## Task to carry out
The stretch wanted below opens at the line containing "a) Write who" and closes at the line containing "Без ограничения общности". Please return it exactly, with no other lines.

## Excerpted records
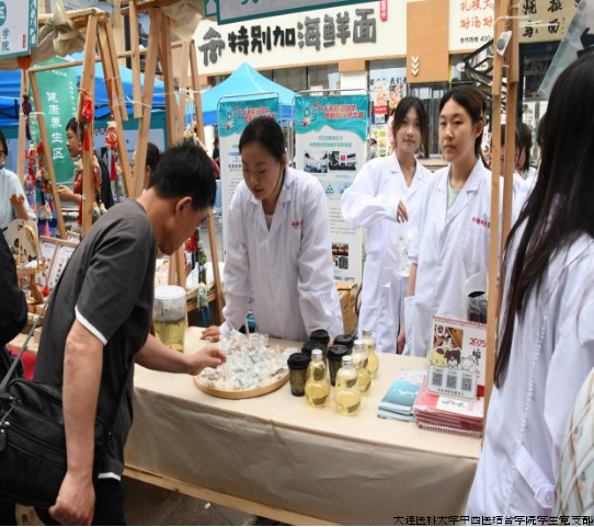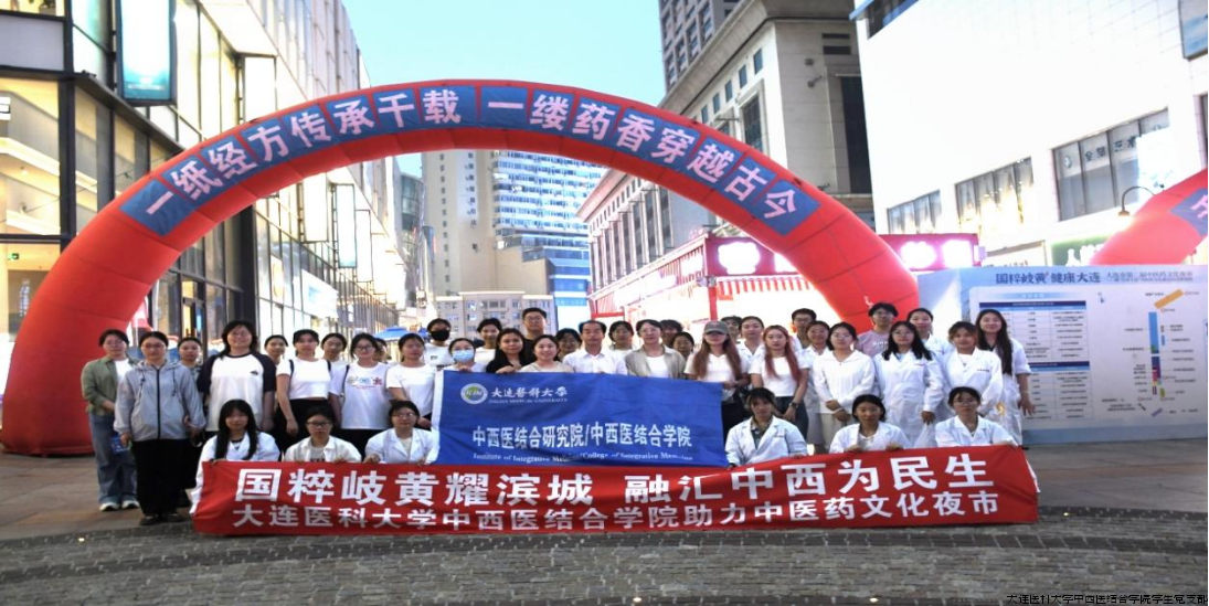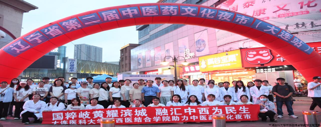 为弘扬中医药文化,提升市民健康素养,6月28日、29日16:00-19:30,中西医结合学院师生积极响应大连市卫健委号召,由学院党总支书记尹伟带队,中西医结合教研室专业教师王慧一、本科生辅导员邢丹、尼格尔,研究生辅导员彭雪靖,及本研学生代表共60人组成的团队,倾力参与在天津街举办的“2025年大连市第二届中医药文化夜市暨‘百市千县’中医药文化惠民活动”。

--

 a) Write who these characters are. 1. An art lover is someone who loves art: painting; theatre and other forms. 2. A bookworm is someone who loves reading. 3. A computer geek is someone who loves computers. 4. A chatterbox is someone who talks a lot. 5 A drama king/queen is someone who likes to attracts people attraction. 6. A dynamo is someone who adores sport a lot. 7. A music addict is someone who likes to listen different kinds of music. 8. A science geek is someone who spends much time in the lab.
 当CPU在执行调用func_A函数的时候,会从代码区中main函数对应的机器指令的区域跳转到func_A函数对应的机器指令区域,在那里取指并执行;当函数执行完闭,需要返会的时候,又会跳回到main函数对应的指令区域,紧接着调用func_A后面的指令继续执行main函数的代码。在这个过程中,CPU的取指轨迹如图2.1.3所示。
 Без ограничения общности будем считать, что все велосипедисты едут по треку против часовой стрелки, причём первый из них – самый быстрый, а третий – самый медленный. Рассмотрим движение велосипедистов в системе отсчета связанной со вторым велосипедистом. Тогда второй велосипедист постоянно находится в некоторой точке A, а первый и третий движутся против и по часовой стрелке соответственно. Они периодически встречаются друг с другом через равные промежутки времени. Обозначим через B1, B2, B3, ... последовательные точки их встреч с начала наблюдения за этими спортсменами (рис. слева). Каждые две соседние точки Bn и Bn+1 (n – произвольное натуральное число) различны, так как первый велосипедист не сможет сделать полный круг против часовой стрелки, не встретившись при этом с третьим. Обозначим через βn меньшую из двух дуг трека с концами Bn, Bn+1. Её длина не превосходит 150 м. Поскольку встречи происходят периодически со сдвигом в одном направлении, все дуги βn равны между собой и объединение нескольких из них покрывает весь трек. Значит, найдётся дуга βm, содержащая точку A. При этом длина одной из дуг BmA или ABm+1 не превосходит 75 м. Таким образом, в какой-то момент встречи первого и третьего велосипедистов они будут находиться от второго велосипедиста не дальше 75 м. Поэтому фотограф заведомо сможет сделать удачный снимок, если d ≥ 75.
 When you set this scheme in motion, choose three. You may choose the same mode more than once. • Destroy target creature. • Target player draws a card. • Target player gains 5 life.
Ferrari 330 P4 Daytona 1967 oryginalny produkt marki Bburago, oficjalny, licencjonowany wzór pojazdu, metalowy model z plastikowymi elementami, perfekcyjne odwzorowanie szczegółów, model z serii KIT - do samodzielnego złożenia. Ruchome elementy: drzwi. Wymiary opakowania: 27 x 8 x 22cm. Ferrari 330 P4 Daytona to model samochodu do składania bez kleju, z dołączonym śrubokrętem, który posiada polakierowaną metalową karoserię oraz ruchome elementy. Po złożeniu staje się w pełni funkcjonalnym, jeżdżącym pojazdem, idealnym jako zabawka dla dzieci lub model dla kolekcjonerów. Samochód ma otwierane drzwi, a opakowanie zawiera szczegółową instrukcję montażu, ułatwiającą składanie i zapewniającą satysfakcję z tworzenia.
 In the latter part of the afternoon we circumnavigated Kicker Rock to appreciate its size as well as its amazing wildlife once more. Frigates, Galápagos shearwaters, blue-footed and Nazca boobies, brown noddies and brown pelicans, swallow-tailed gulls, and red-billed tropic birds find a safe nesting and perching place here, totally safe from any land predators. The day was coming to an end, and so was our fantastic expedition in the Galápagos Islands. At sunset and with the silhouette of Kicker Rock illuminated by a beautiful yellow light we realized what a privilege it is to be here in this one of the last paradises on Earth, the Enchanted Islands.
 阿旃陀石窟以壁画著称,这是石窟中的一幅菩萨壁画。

## Exercise solution
 a) Write who these characters are. 1. An art lover is someone who loves art: painting; theatre and other forms. 2. A bookworm is someone who loves reading. 3. A computer geek is someone who loves computers. 4. A chatterbox is someone who talks a lot. 5 A drama king/queen is someone who likes to attracts people attraction. 6. A dynamo is someone who adores sport a lot. 7. A music addict is someone who likes to listen different kinds of music. 8. A science geek is someone who spends much time in the lab.
 当CPU在执行调用func_A函数的时候,会从代码区中main函数对应的机器指令的区域跳转到func_A函数对应的机器指令区域,在那里取指并执行;当函数执行完闭,需要返会的时候,又会跳回到main函数对应的指令区域,紧接着调用func_A后面的指令继续执行main函数的代码。在这个过程中,CPU的取指轨迹如图2.1.3所示。
 Без ограничения общности будем считать, что все велосипедисты едут по треку против часовой стрелки, причём первый из них – самый быстрый, а третий – самый медленный. Рассмотрим движение велосипедистов в системе отсчета связанной со вторым велосипедистом. Тогда второй велосипедист постоянно находится в некоторой точке A, а первый и третий движутся против и по часовой стрелке соответственно. Они периодически встречаются друг с другом через равные промежутки времени. Обозначим через B1, B2, B3, ... последовательные точки их встреч с начала наблюдения за этими спортсменами (рис. слева). Каждые две соседние точки Bn и Bn+1 (n – произвольное натуральное число) различны, так как первый велосипедист не сможет сделать полный круг против часовой стрелки, не встретившись при этом с третьим. Обозначим через βn меньшую из двух дуг трека с концами Bn, Bn+1. Её длина не превосходит 150 м. Поскольку встречи происходят периодически со сдвигом в одном направлении, все дуги βn равны между собой и объединение нескольких из них покрывает весь трек. Значит, найдётся дуга βm, содержащая точку A. При этом длина одной из дуг BmA или ABm+1 не превосходит 75 м. Таким образом, в какой-то момент встречи первого и третьего велосипедистов они будут находиться от второго велосипедиста не дальше 75 м. Поэтому фотограф заведомо сможет сделать удачный снимок, если d ≥ 75.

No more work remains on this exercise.